Exploit Education | Fusion | Level 02 Solution

This level deals with some basic obfuscation / math stuff.

This level introduces non-executable memory and return into libc / .text / return orientated programming (ROP).

The description and source code can be found here:
http://exploit.education/fusion/level02/

Source Code Analysis

For this level, I looked at the source code and came up with a plan of attack before even launching the Fusion VM. Let’s step through it. I won’t bother with main() as it’s only relevant purpose is to call the encrypt_file() function. That function may look kinda long, but it’s actually pretty simple.

void encrypt_file() {
  // http://thedailywtf.com/Articles/Extensible-XML.aspx
  // maybe make bigger for inevitable xml-in-xml-in-xml ?
  unsigned char buffer[32 * 4096];

  unsigned char op;
  size_t sz;
  int loop;

  printf("[-- Enterprise configuration file encryption service --]\n");
  
  loop = 1;
  while(loop) {
      nread(0, &op, sizeof(op));
      switch(op) {
          case 'E':
              nread(0, &sz, sizeof(sz));
              nread(0, buffer, sz);
              cipher(buffer, sz);
              printf("[-- encryption complete. please mention "
              "474bd3ad-c65b-47ab-b041-602047ab8792 to support "
              "staff to retrieve your file --]\n");
              nwrite(1, &sz, sizeof(sz));
              nwrite(1, buffer, sz);
              break;
          case 'Q':
              loop = 0;
              break;
          default:
              exit(EXIT_FAILURE);
      }
  }
}

I’m not sure why those comments at the start of the function are there, they don’t seem to be very relevant.

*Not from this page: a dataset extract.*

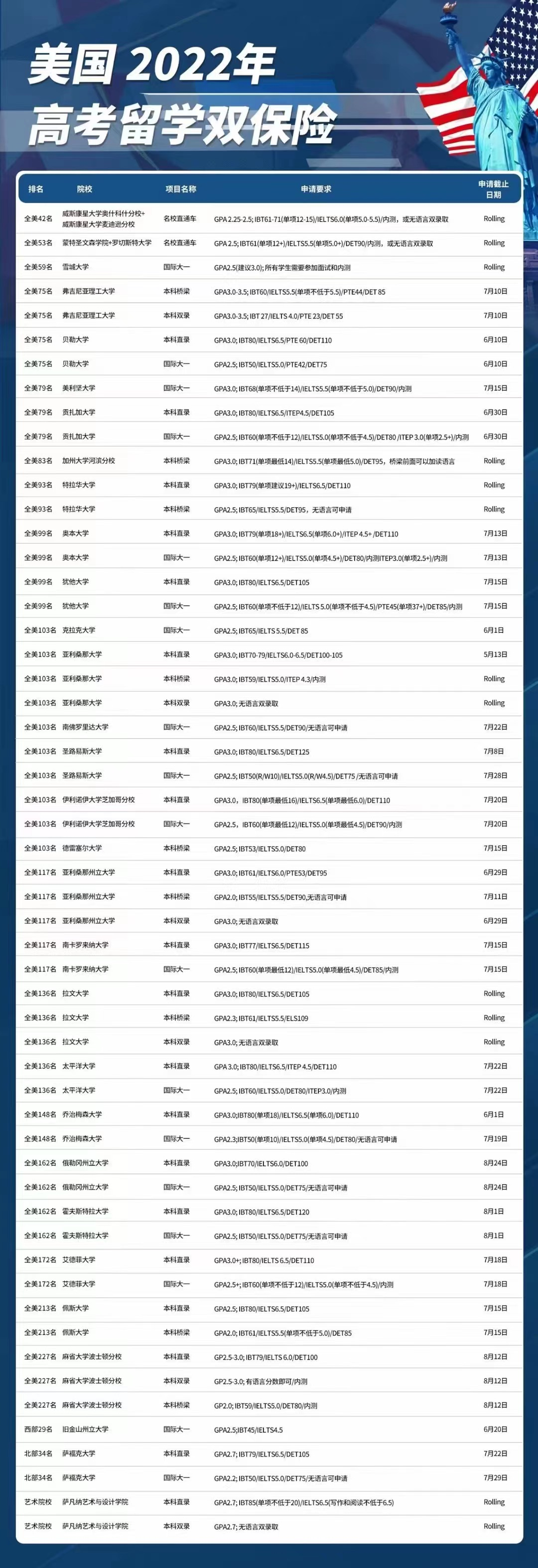 美国高考后留学可以申请的学校~

Anyway, a few things are happening:

  • Several variables are initialized (buffer, op, sz, and loop).
  • A greeting message is printed.
  • A while loop begins checking the condition of the “loop” variable (only loops if it’s not 0).
  • User input is accepted for the “operation” variable.
  • If that input was “E” then:
    • Accept user input for the “sz” variable. This sets the size limit for the data to be encrypted.
    • Accept user input for the “buffer” variable. This will be the data we want encrypted.
    • Call the cipher() function.
    • Print a message when the encryption is complete.
    • Write the size to stdout.
    • Write the encrypted data to stdout.
  • If “Q” or anything else is entered for the “op” then exit.

You may have noticed the vulnerability here. The user can specify the maximum size of the input. Even though there’s 131,072 bytes (32 * 4096) allocated to the “buffer” variable, it doesn’t matter as the user can simply specify a higher number.

The cipher() function is a bit more complex, even though it’s not a proper encryption algorithm.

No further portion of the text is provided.